Выстраивая параллель магазин - Анчар, водка - яд, Еременко дает весьма грустную картину одиночества.

Второй из этих примеров - фрагмент из стихотворения Л. Лосева "Ода на 1937 год". В русской истории стало знаковым совпадение 100-летней годовщины гибели Пушкина, которую справляли как праздник, с кульминацией массовых репрессий. Приведенная строфа объединяет эти две темы, открывая зловещий смысл в пророческих строках Пушкина и в зощенковском мотиве недокушанного пирожного. Смех Хармса и Зощенко, травестийность текста Лосева приобретают архетипический смысл соприкосновения со смертью. И толпа в изображении Лосева - одновременно идет и веселиться, и умирать.

Одним из самых серьезных и глубоких по содержанию текстов, переносящих образ Пушкина в современность, представляется такое стихотворение:

    Вот в очереди тихонько стою
    И думаю себе отчасти:
    Вот Пушкина бы в очередь сию
    И Лермонтова в очередь сию
    И Блока тоже в очередь сию
    О чем писали бы? - о счастье (Пригов 1997: 9).
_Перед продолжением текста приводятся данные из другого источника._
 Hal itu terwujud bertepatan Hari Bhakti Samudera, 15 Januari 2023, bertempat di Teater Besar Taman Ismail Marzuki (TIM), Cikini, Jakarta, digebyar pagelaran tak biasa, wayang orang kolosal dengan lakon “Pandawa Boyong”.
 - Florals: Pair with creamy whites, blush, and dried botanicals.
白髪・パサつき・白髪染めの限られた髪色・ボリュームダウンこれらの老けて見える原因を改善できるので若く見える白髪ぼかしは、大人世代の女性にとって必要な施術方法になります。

Цитата или реминисценция нередко представляет собой не словесный, а структурный повтор элементов пушкинской поэтики. Так, например, в поэме-пьесе В. Зельченко "Шуба" цитируются строфы, состоящие из многоточий, что предваряется словами: "Автор затрудняется придумать рифму на Калиостр и потому проставляет точки, тем более что так больше похоже на Пушкина, но не успевает остановиться и пропускает еще три строфы" (Зельченко 1991: 44).

Многие авторы сообщают, что читатели ждут какой-либо рифмы8,и обман продолжается:

    Какой-то идиот
    придумал идиомы,
    не вынеся тягот
    под скрежет якорей...
    Чтоб вы мне про Фому,
    а я вам - про Ерему.
    Читатель рифмы ждет...
    Возьми ее, нахал! (Еременко 1991: 119);

    Писать кончаю, душат слезы,
    Ведь я слезлив, имей в виду,
    Читатель рифмы ждет "колхозы",
    А я тебя, Виталий, жду(Иртеньев 1998: 167).
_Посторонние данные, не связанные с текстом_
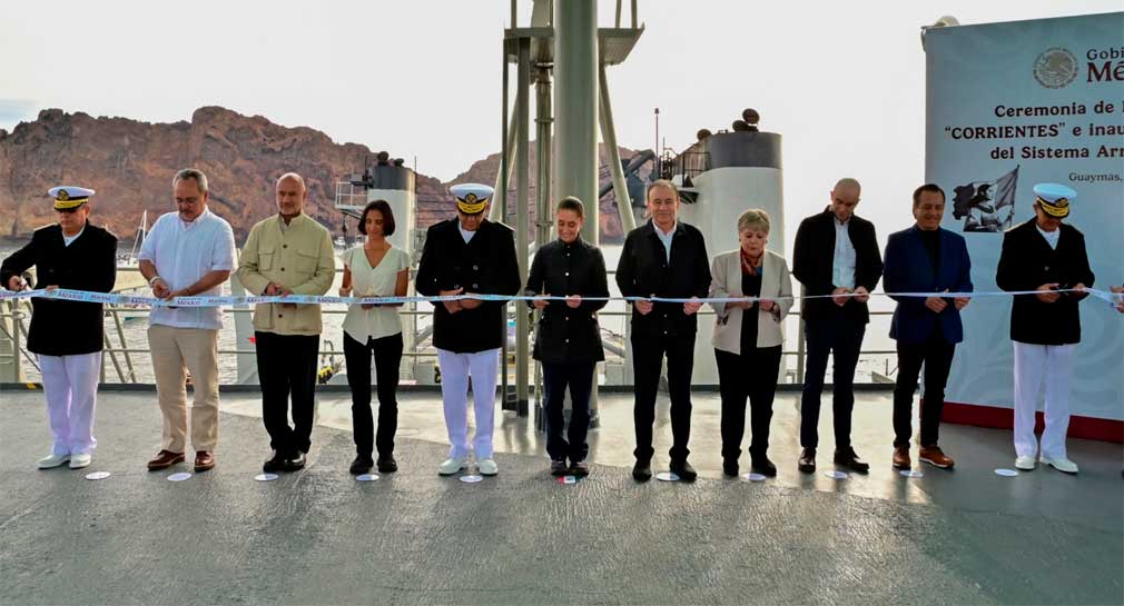 Guaymas, Sonora.- La presidenta de México, Claudia Sheinbaum, encabezó la inauguración del Museo Subacuático del Sistema Arrecifal Artificial Sonorense y presenció el hundimiento controlado del exbuque Corrientes, proyecto destinado a la creación de un arrecife artificial en la Bahía de San Carlos, municipio de Guaymas, Sonora.

    Любому веку нужен свой язык.
    Здесь Белый бы поставил рифму "зык".
    Старик любил мистические бури,
    таинственное золото в лазури (Кенжеев 1992: 20).

Буквальная цитата про рифму "розы" у В. Друка самым буквальным образом связана с обманутым ожиданием:

    калмык забыл, что он калмык,
    еврей забыл, что он еврей.
    читатель ждет уж рифмы "розы"
    ну, на - возьми ее скорей (Друк 1991: 55).
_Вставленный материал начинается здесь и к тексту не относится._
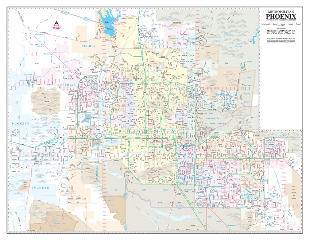 View the entire metropolitan area on a single desktop-sized sheet showing major streets (arterial) and intermediate streets (collector), as well as locating communities, block numbers, river channels, canals, and railways. It is popular for general reference and for locating businesses that are normally found on the arterial and collector streets. The colors are used to show the incorporated cities, making it easy to locate the official area of each city. The grid corresponds to the index in our Phoenix "Yellow1" Street Atlas and other Phoenix Mapping products for easy cross-reference.
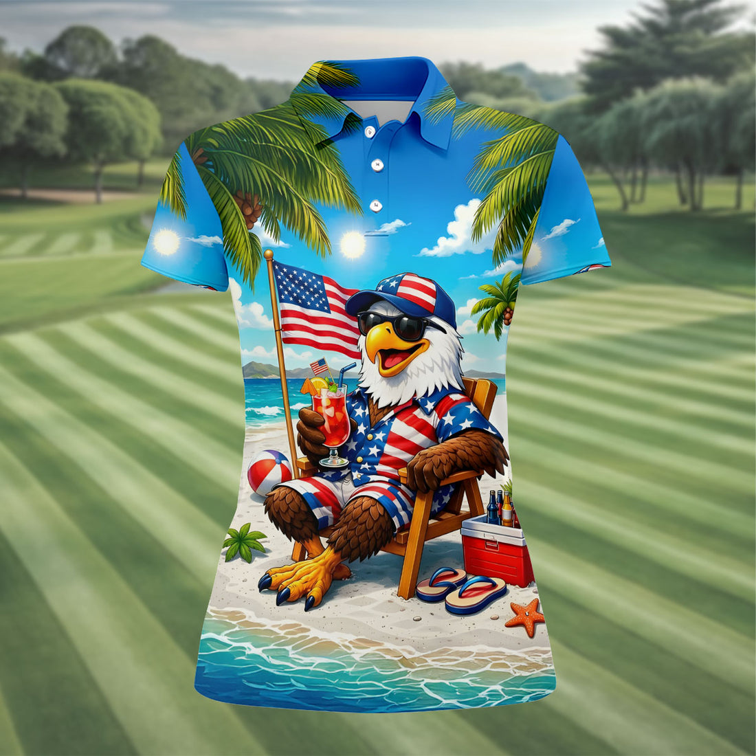 Funny Bald Eagle US Flag Pattern Hawaiian Golf Shirt, 250 Years Patriotic 4th Of July Golf Shirt For Women

В. Гаврильчик, предполагая, что читатели ждут рифму к слову "Европа", дает именно это неприличное слово, на самом деле обманывая ожидание купюры (Гаврильчик 1995: 118).

С. Бирюков дает серию рифм к слову морозы и концептуализирует рифмующееся -зы:

    Но не каждый из нас понимал,
    что таили в себе эти грозы,
    эти розы, березы, морозы,
    эти зы, золотые азы.
    И ни разу никто не назвал
    избавленьем от боли простуду,
    но зато златоустом зануду
    чуть не каждый не раз величал.
    Только вышло из этого худо.
    Прекратились однажды морозы
    и засохли березы и розы,
    откатились и самые грозы
    вспомнить силился кто-то азы
    и выращивал дерево Зы
    садовод в одиночестве полном (Бирюков 1995: 62).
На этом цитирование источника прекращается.